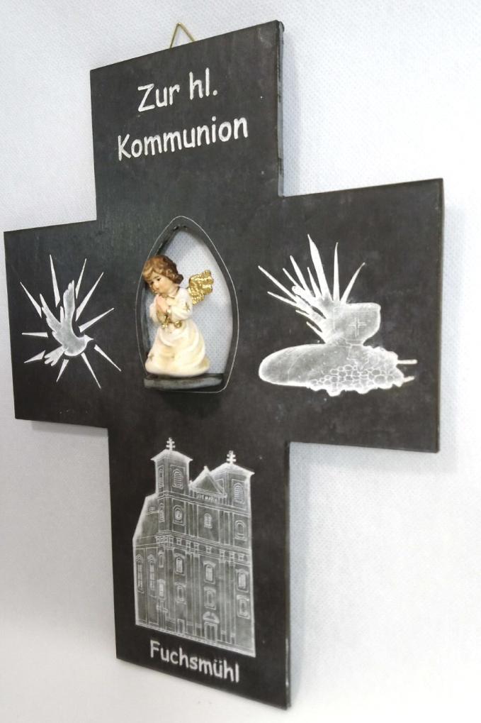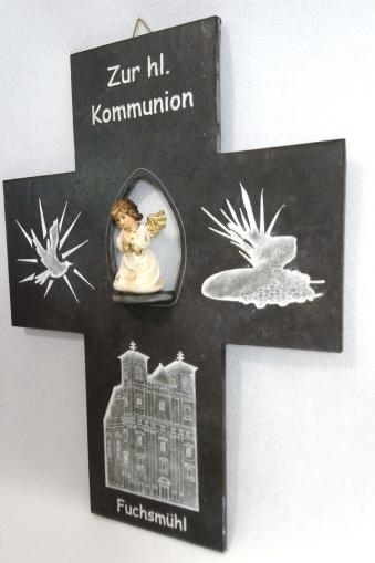 Modernes Kommunionkreuz aus hochwertigen Vinyl und geschnitzten Engelchen. Ein modernes Kommunionkreuz in Schieferoptik mit eingeprägten individuellen Texten und Motiven, Der geschnitze Engel betend ist mit weißen Gewand ist aus Ahornholz geschnitzt und mit Ölfarben handbemalt links zu sehen ist die Friedenstaube, rechts eine Abbildung mit Kelch, Brot und Getreide, und im unteren Teil wurde die Walfahrts Kirche Fuchsmühl eingraviert, in der Mitte steht ein betenderr Kommunionengel. Wir benötigen folgende Angaben: -Name des Kommunionkindes -Datum der Erstkommunion -Ortsnamen
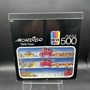 The item in the image is a vintage 500-piece jigsaw puzzle titled "Wells Fargo" by Mordillo, produced by Heye in 1986.
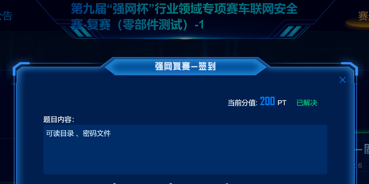 第九届“强网杯”行业领域专项赛车联网安全赛-复赛(零部件测试)WP
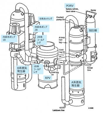 図5に、冷却水一次系(RCS: Reactor Coolant System)の模式図を示す[1]。RCS系は、RPV、蒸気発生器2器、冷却水ポンプ4基、加圧器1器、配管類で構成されている。2系統の冷却水フロー(A系統、B系統)があり、それぞれポンプ2基、蒸気発生器1器で構成されている。冷却水中にはホウ酸が溶解されており、その濃度によりおよそ出力制御できるシステムになっている。

» **EXERCISE OBJECTIVE**: Restate word for word the lines starting at the one that contains "The item in" and ending at the last line of the data. Skip every picture.

» **THE ANSWER**:
 The item in the image is a vintage 500-piece jigsaw puzzle titled "Wells Fargo" by Mordillo, produced by Heye in 1986.
 第九届“强网杯”行业领域专项赛车联网安全赛-复赛(零部件测试)WP
 図5に、冷却水一次系(RCS: Reactor Coolant System)の模式図を示す[1]。RCS系は、RPV、蒸気発生器2器、冷却水ポンプ4基、加圧器1器、配管類で構成されている。2系統の冷却水フロー(A系統、B系統)があり、それぞれポンプ2基、蒸気発生器1器で構成されている。冷却水中にはホウ酸が溶解されており、その濃度によりおよそ出力制御できるシステムになっている。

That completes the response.